At the end of May—more than six months after they were first arrested—Reuters journalists Wa Lone and Kyaw Soe Oo expect the judge in their case to decide whether or not to charge them with violating Myanmar’s colonial-era Official Secrets Act. If ultimately convicted, they face up to 14 years in prison.
The Burmese authorities—including the country’s state counsellor, Aung San Suu Kyi—want the world to believe their trial is a deliberative and independent process in which both sides are given the opportunity to present evidence. But the Reuters legal team knows what it’s up against. On March 29, Reuters brought on renowned international human rights lawyer Amal Clooney. “Wa Lone and Kyaw Soe Oo are being prosecuted simply because they reported the news,” Clooney said in a statement, referring to their groundbreaking reporting on violence against Burma’s Rohingya Muslim minority.
Around the world, journalists are being imprisoned in record numbers. Reporters working for international media organizations in places like Iran, Egypt, Turkey, and Azerbaijan have jailed by governments seeking to suppress international coverage of corruption and human rights violations.

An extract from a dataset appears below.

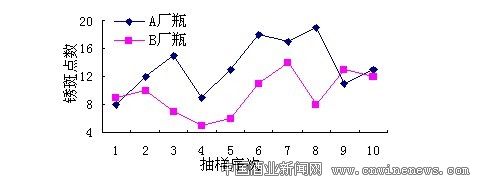 啤酒瓶口外缘成型结构和光滑程度是影响部位A锈蚀的重要因素。按国标规定,啤酒瓶外口径标准为26.3mm—26.9mm。模缝线要求:尖锐刺手的不允许有,凸出量不大于0.5mm,初型模缝线明显的不允许有。但对瓶口水平模缝线的位置没有作出明确的规定,因此,不同厂家生产的啤酒瓶压盖后锈蚀情况有不同。由图3可见,B厂瓶所产生的盖内锈蚀斑点平中国酒业风向标华夏酒报邮发代转于cnwine来源中国华夏酒报:邮发代号23-189 当地邮局可订阅酒业新闻网news.com号23-189当地邮局可订阅均值较A厂略低。通过对瓶口统计观察发现,B厂瓶唇部均能看到水平模缝线,即这些瓶不易造成盖内A部位锈蚀。

These imprisonments put news organizations and their advocates in a tough spot. They can’t win on merit in a politicized legal system that is stacked against them. And they can’t apply political pressure too directly because it’s easy for a country’s president or prime minister (or state counsellor) to claim that the judiciary is independent and that they can’t interfere. They must thread a needle between legal argumentation and public pressure to change the political calculation. Once they do that, they must give the government a face-saving way out, which often involves pardoning the journalist or releasing them on parole.
Clooney is expert at this, judging by two other cases of imprisoned journalists. She first became involved in defending imprisoned journalists when she took up the case of Mohamed Fahmy, an Al Jazeera producer imprisoned in Egypt in 2013. And in early 2016, she joined the team defending journalist Khadija Ismayilova, who was jailed in Azerbaijan in reprisal for her reporting on corruption.
Fahmy is an experienced war correspondent who has covered the Middle East for a variety of media outlets, including CNN. He was arrested in December 2013 along with two colleagues, Peter Greste and Baher Mohamed, soon after taking up a new position with Al Jazeera English in Cairo. All three were initially charged with “distorting the country’s image abroad” and “fabricating news to aid the Muslim Brotherhood,” which the Egyptian government had branded a terrorist group. Fahmy, who split with co-defendants in alleging that his employer Al Jazeera had acted negligently, brought on Clooney as his personal lawyer after being introduced by a CNN colleague.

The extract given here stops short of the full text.